> Aim of the task:
Omit the pictures and reproduce the rest of the listing exactly.

> Data extract:
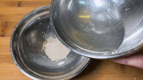 5. 在碗中加入酵母粉,用温水化开倒入大碗中
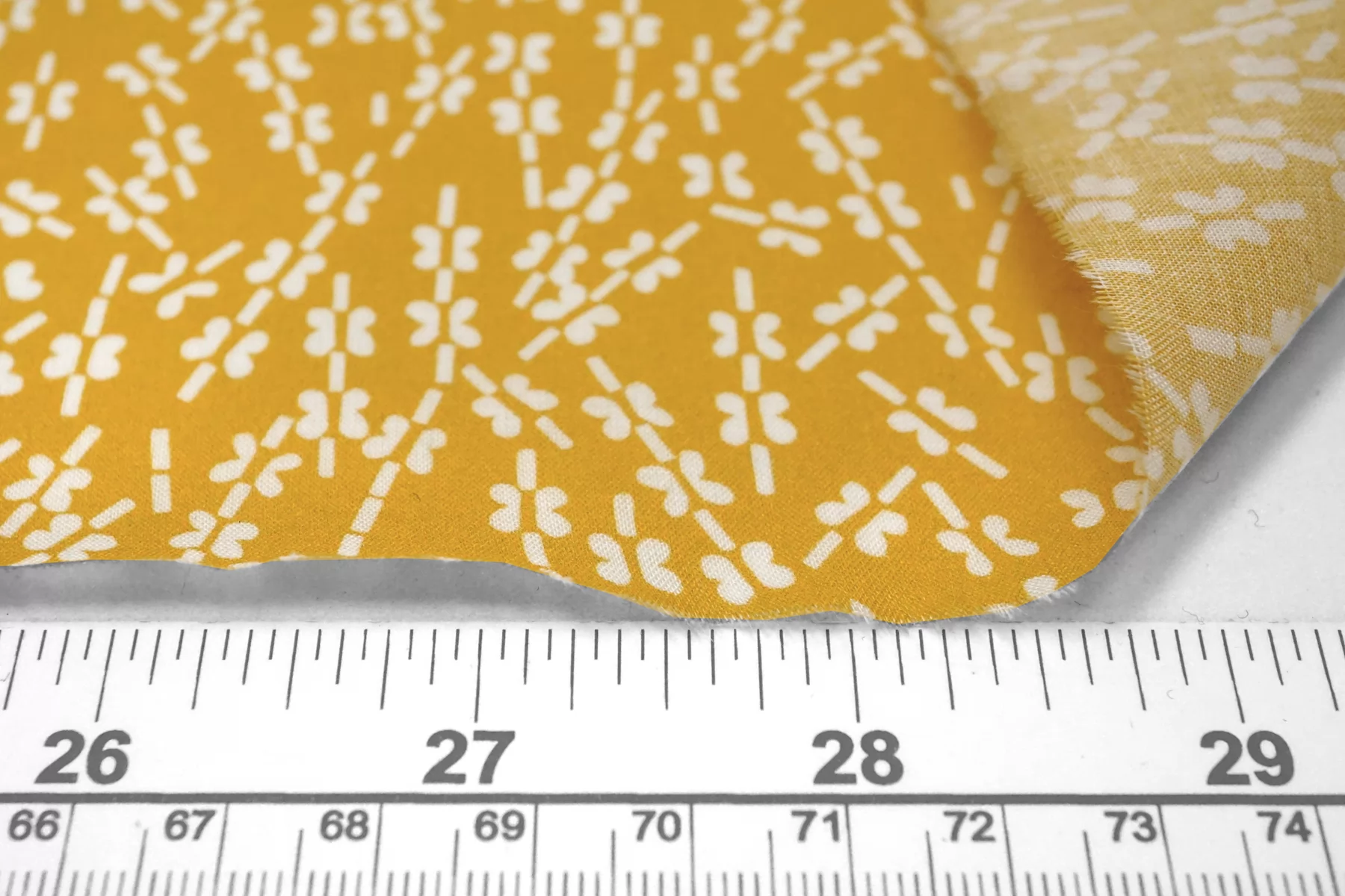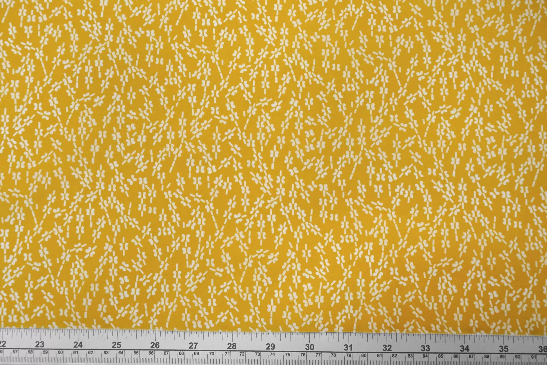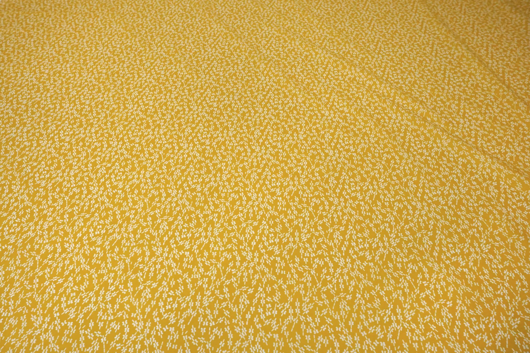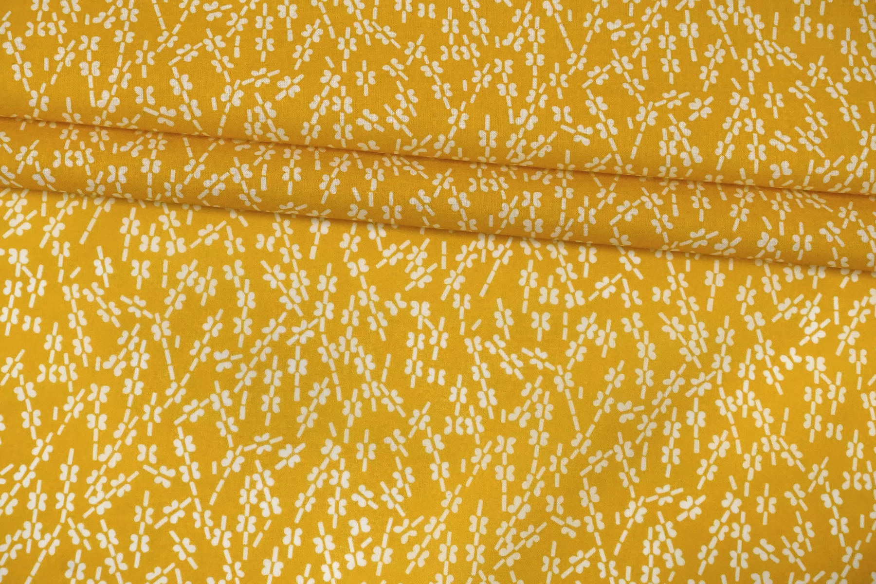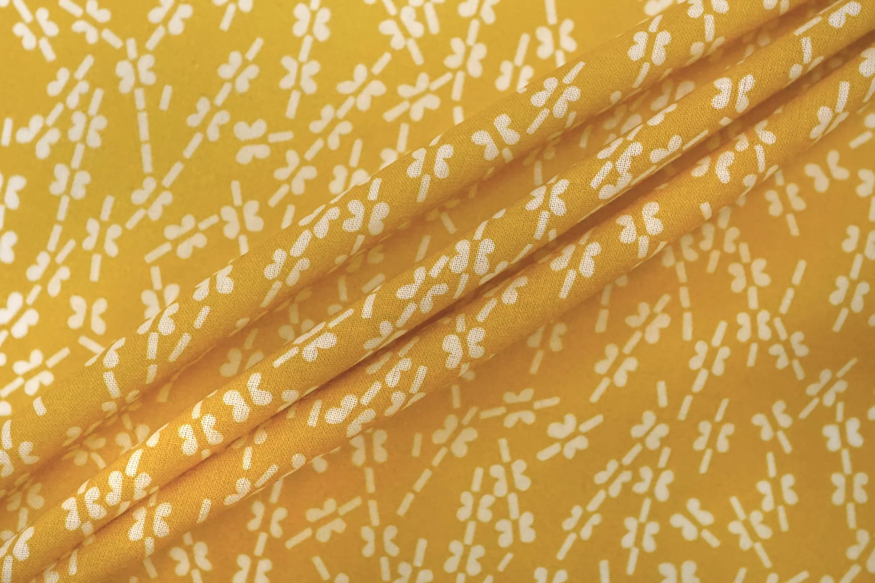 Хлопковый батист жёлтого цвета с абстрактным белым принтом. Материал очень приятный, мягкий, тонкий, легкий, летящий. Просвечивает. Мнется. Держит форму и драпируется. Отлично подойдет на свободные рубашки, платья, юбки и не только. При необходимости используйте подкладочный материал.
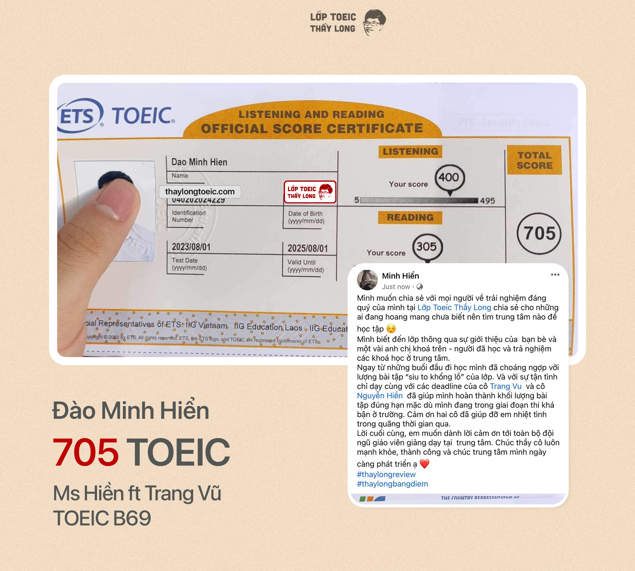 Đào Minh Hiền 705 TOEIC 01/08/2023 Ms Hiền ft Ms Trang Vũ B69

> Task response:
 5. 在碗中加入酵母粉,用温水化开倒入大碗中
 Хлопковый батист жёлтого цвета с абстрактным белым принтом. Материал очень приятный, мягкий, тонкий, легкий, летящий. Просвечивает. Мнется. Держит форму и драпируется. Отлично подойдет на свободные рубашки, платья, юбки и не только. При необходимости используйте подкладочный материал.
 Đào Minh Hiền 705 TOEIC 01/08/2023 Ms Hiền ft Ms Trang Vũ B69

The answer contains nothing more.